Some websites even make it easy for you to check the crime data for a particular neighborhood. But don’t forget to go and visit the home if you really like. Visit the home at least once preferably at different times in a day (for example, morning and night) and different days of the week. The idea is to get a sense of the neighborhood and the people. Try talking to the people in the neighborhood. After all you will be living in that area.

Important note

Typically home buyers look at a dozen or more home before finding the right home. No one is probably going to find the ideal home in their first attempt. As you research and see each home, you will accumulate more knowledge about the process of buying a home. Websites are also great way to learn more about a particular area with just a few click but by no means websites are a complete substitute for what you would experience by actually going in the neighbor.

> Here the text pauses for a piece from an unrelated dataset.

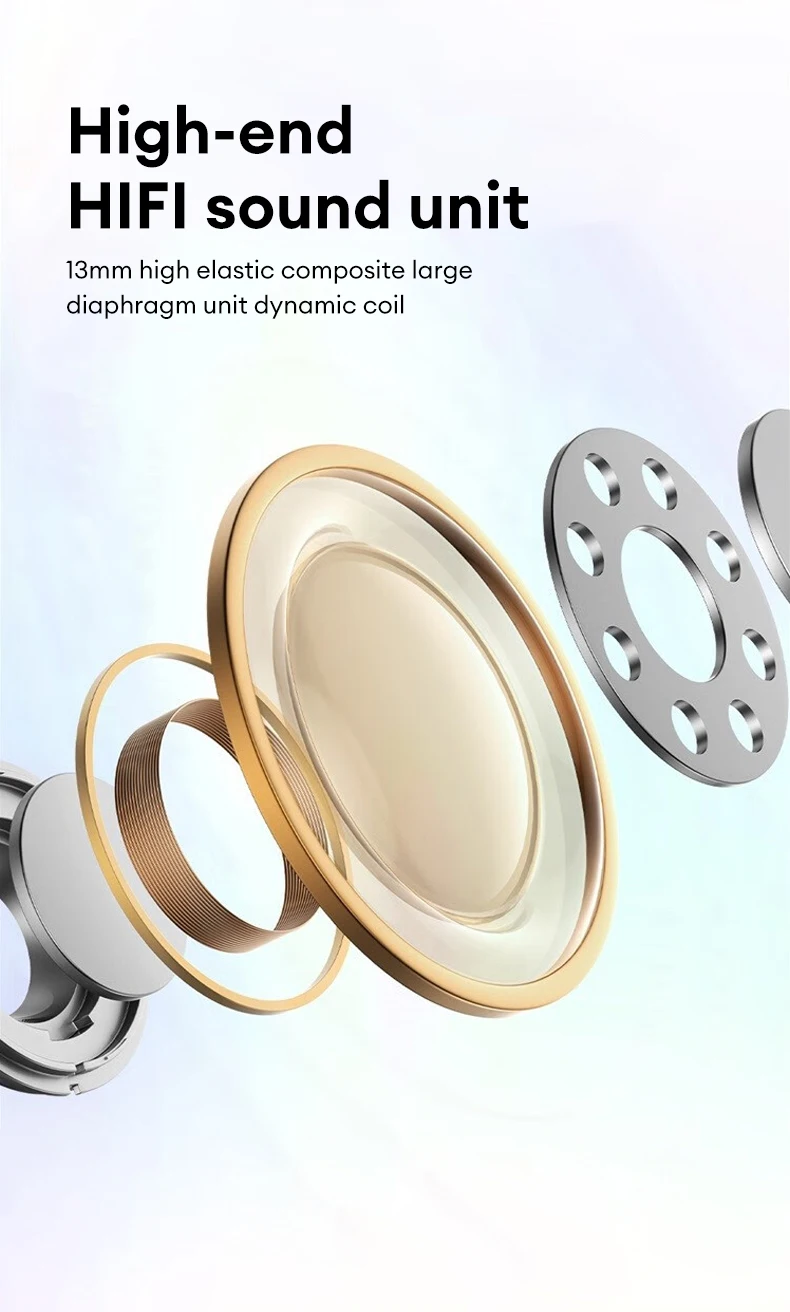 4.[High-Quality HIFI Sound]: 13mm composite diaphragm delivers rich, dynamic sound.

What else should you watch for in the neighborhood?

  • Watch for any new construction that is taking place. In general, when new homes, schools, parks, etc. are built, the property values go up in the area.
  • watch for other houses on sale. If many houses are on sale and they are not selling, this means the property values will go down. Also, if more houses are on sale on same the street, you have more than one house to consider for purchase.
  • watch for any houses that show sign of vandalism. If this is the case, you know what to watch for if you move in that neighborhood.

Asking the right questions

Before you head shopping for a home, make sure you understand the risks and potentials involved in what you are buying. It is a good idea to ask yourself these questions as part of getting ready to purchase a home:

  • Am I sure to buy a home?
  • Do I have a stable job and income?
  • Do I know that I will stay in the new home (or area) for many years to come?
  • Do I have any known major financial responsibility on the horizon? (i.e., child going to college in a few years, medical expense, etc.)
  • Am I able to pay to my creditors on time?
  • Do I have good credit history?
  • Do I regularly save?
  • Do I have a budget?
  • Do I have saved any money for down payment, or closing costs?

Answering no to any one or more of these questions, the average potential home buyer is not probably ready to purchase a home at this time. Answering yes to all of these questions indicates the potential buyer is ready to begin the home purchase process.